■ TASK TO COMPLETE ■
The response should be an exact transcription of the data below, free of images.

■ SUPPLIED INFORMATION ■

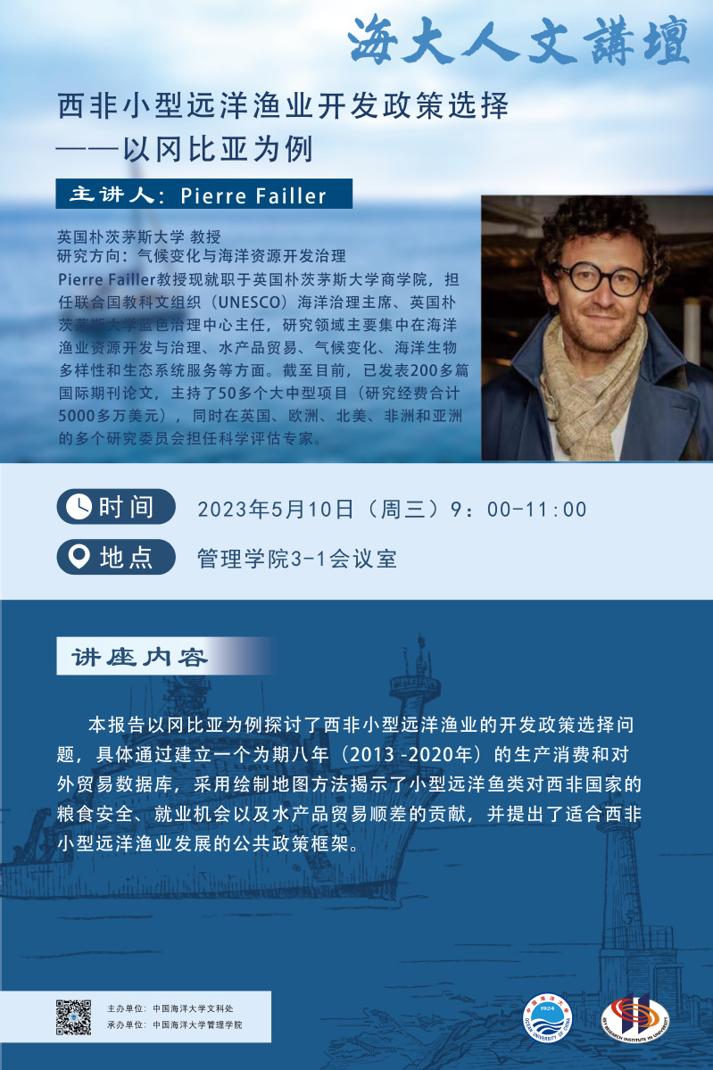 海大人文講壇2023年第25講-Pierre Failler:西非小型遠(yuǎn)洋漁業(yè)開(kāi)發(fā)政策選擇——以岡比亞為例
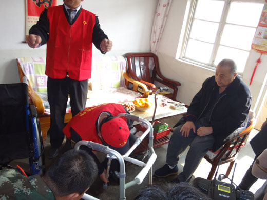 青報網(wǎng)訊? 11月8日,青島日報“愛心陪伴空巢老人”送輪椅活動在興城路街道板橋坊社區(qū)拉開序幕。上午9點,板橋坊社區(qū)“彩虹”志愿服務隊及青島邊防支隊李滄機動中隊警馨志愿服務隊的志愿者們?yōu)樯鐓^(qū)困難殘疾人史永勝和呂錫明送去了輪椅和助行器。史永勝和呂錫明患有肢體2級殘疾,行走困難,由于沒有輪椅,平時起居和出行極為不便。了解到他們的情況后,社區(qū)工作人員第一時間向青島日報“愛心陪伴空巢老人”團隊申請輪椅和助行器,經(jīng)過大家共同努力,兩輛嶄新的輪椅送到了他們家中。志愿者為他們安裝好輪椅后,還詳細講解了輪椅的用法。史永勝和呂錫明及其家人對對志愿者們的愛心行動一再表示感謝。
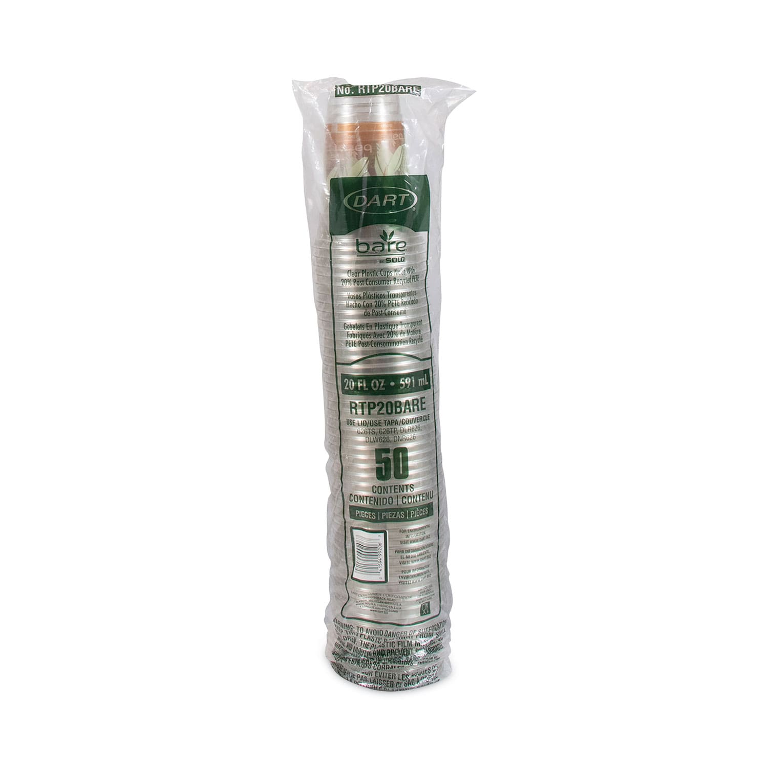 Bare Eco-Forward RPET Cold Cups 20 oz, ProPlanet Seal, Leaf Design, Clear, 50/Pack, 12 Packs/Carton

■ RESPONSE ■
 海大人文講壇2023年第25講-Pierre Failler:西非小型遠(yuǎn)洋漁業(yè)開(kāi)發(fā)政策選擇——以岡比亞為例
 青報網(wǎng)訊? 11月8日,青島日報“愛心陪伴空巢老人”送輪椅活動在興城路街道板橋坊社區(qū)拉開序幕。上午9點,板橋坊社區(qū)“彩虹”志愿服務隊及青島邊防支隊李滄機動中隊警馨志愿服務隊的志愿者們?yōu)樯鐓^(qū)困難殘疾人史永勝和呂錫明送去了輪椅和助行器。史永勝和呂錫明患有肢體2級殘疾,行走困難,由于沒有輪椅,平時起居和出行極為不便。了解到他們的情況后,社區(qū)工作人員第一時間向青島日報“愛心陪伴空巢老人”團隊申請輪椅和助行器,經(jīng)過大家共同努力,兩輛嶄新的輪椅送到了他們家中。志愿者為他們安裝好輪椅后,還詳細講解了輪椅的用法。史永勝和呂錫明及其家人對對志愿者們的愛心行動一再表示感謝。
 Bare Eco-Forward RPET Cold Cups 20 oz, ProPlanet Seal, Leaf Design, Clear, 50/Pack, 12 Packs/Carton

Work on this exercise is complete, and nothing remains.